In the cryogenic cell 10, the exterior sidewall 12, top 14, and bottom 16 primarily offer thermal insulation. To that end, it is helpful if the materials of which these components 12, 14, 16 are made have thermal insulating properties, can withstand cryogenic temperatures without shattering, and are machinable, moldable, castable, or otherwise workable. Ultra-high molecular weight (UHMW) polyethylene is one such material and, e.g., the top 14 and the bottom 16 may be made of UHMW polyethylene. However, the cryogenic cell 10 and its components 12, 14, 16 need not be made, or made entirely, of expensive or exotic materials. For example, the sidewall 12 may be made of high-density polyethylene (HDPE), e.g., HDPE pipe. A wall thickness of about 2-3 inches (5-7.6 cm) may be appropriate in at least some embodiments. In one embodiment, the sidewall 12 may be an HDPE pipe with an outer diameter of 34 inches (86.4 cm) and an inner diameter of 31 inches (78.7 cm).
A pressurizable space 34 is defined between the sidewall 32 of the core 30 and a mid-wall 36 that is positioned radially outward of the sidewall 32 of the core 30. The mid-wall 36 extends between the top 14 and the bottom 16, fully separating the pressurizable space 34 from other compartments and portions of the cryogenic cell 10. The sidewall 12 is positioned radially outward of the mid-wall 36, with a gap between the mid-wall 36 and the sidewall 12.

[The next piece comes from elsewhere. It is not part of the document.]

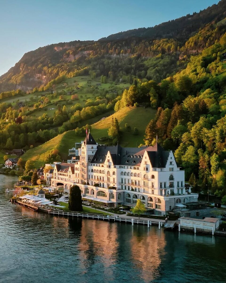 Утро в Витцнау начинается не с шума города, а с гладкой воды, в которой отражаются Альпы. Воздух здесь настолько чистый, что кажется — его можно хранить в хрустале. Именно на берегу Фирвальдштетского озера стоит Park Hotel Vitznau — место, которое давно выбрал швейцарский бомонд и те, кто ценит уединённую, негромкую роскошь. С первого взгляда — историческое здание начала XX века. Но за фасадом скрывается один из самых технологичных и продуманных отелей Европы. ИСТОРИЯ, КОТОРАЯ НЕ ЗАСТРЯЛА В ПРОШЛОМ Отель построили к 1903 году — в эпоху, когда Витцнау стал отправной точкой первой в Европе зубчатой железной дороги на гору Риги. Поезд ходит до сих пор, и подъём на Риги остаётся обязательным ритуалом для гостей. Сегодня Park Hotel Vitznau — это All Suites формат. Стандартных номеров здесь нет. Каждая из 47 сьютов — самостоятельное пространство с гостиной, спальней и индивидуальной концепцией оформления. Двери открываются автоматически, стоит лишь подойти. Интерьеры лаконичны и будто раство
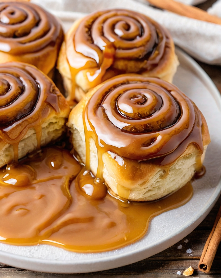 Soft and pillowy cinnamon rolls drizzled with a golden salted caramel coconut cream glaze. Each bite is filled with the creaminess and smoothness of coconut cream mixed with the richness of the caramel sauce and the deep indulgence of cinnamon and nutmeg with a pinch of salt.

A set of tubing 40 runs within the pressurizable space 34, generally coiled around the core 30. However, the set of tubing 40 is not in direct physical contact with the sidewall 32 or any other portion of the core 30. If spacers or other such structures are needed to maintain the position of the tubing 40, those spacers would generally not be thermally conductive. The set of tubing 40 is continuous between an inlet port 42 and an outlet port 44, both of which connect to the set of tubing 40 and penetrate the top 14. A length of the tubing 40 passes under the core 30 and is shown longitudinally sectioned in
At least one additional port 46 is used to charge the pressurizable space 34 and, when necessary, to remove pressure. For example, air or nitrogen gas may be pumped into the pressurizable space 34 to create a pressure. Additionally, the space 48 between the mid-wall 36 and the outer sidewall 12 may include a port 50 that, among other things, allows the space 48 to be evacuated for better thermal insulation, if needed.
The core 30 also includes a number of ports. More specifically, the core includes cryogen inlet and outlet ports 52, 54. The purpose of these ports will be explained in more detail below. Although there are only two ports 52, 54 that penetrate into the core 30, various connectors may be used to provide for additional connections, or to provide additional functionality.
In some applications, the O-rings 62 might be made of a conventional elastomer. However, it has been found that when conventional elastomeric O-rings are exposed to cryogenic temperatures, they lose all elasticity and shatter. Therefore, the O-rings 62 of the illustrated embodiment are made of a composite of materials. More specifically, an outer tube of polymeric material 66 is backed by an inner coil 68 of metal wire, such as a helix or double helix of 316 stainless steel wire. The outer tube of polymeric material 66 may be, e.g., perfluoroalkoxy (PFA) plastic.
As those of skill in the art will appreciate, heat transfer occurs by conduction, convection, and radiation. By adding gas to the pressurizable space 34 through the port 46, one increases the amount of mass in the space 34, and thus, the level of heat transfer that can occur by conduction and convection. By withdrawing gas from the pressurizable space 34 (or drawing a vacuum on the pressurizable space 34), one reduces the amount of mass in the space 34, and thus, the ability of heat to flow between the core 30 and the pressurizable space 34 by conduction and convection.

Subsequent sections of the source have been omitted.